Cutting in-line with iron: ribosomal function and non-oxidative RNA cleavage

Divalent metal cations are essential to the structure and function of the ribosome. Previous characterizations of the ribosome performed under standard laboratory conditions have implicated Mg(2+) as a primary mediator of ribosomal structure and function.
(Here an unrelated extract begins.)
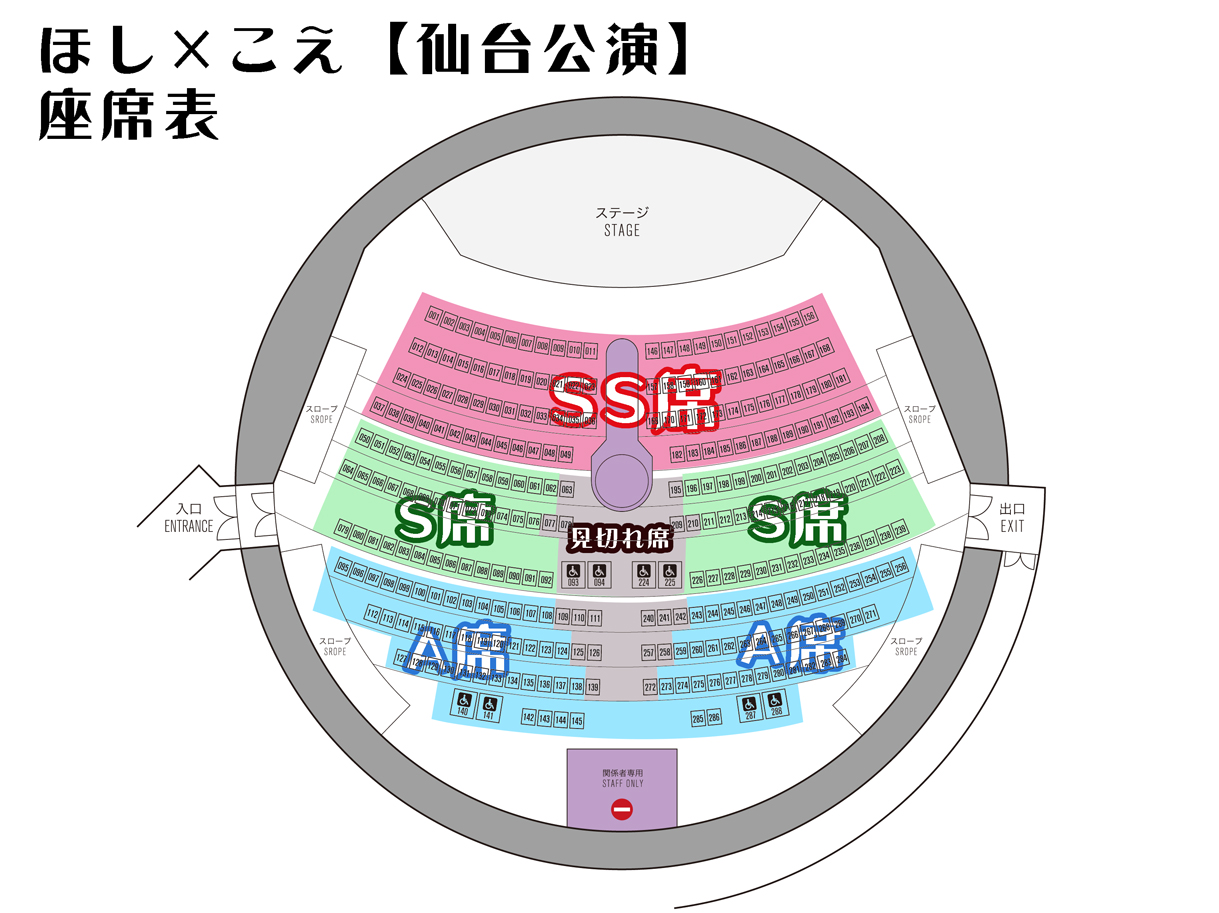 SS席 5,000円 S席 4,000円 A席(見切れ) 3,000円

Possible contributions of Fe(2+) as a ribosomal cofactor have been largely overlooked, despite the ribosome's early evolution in a high Fe(2+) environment, and the continued use of Fe(2+) by obligate anaerobes inhabiting high Fe(2+) niches. Here, we show that (i) Fe(2+) cleaves RNA by in-line cleavage, a non-oxidative mechanism that has not previously been shown experimentally for this metal, (ii) the first-order in-line rate constant with respect to divalent cations is >200 times greater with Fe(2+) than with Mg(2+), (iii) functional ribosomes are associated with Fe(2+) after purification from cells grown under low O(2) and high Fe(2+) and (iv) a small fraction of Fe(2+) that is associated with the ribosome is not exchangeable with surrounding divalent cations, presumably because those ions are tightly coordinated by rRNA and deeply buried in the ribosome. In total, these results expand the ancient role of iron in biochemistry and highlight a possible new mechanism of iron toxicity.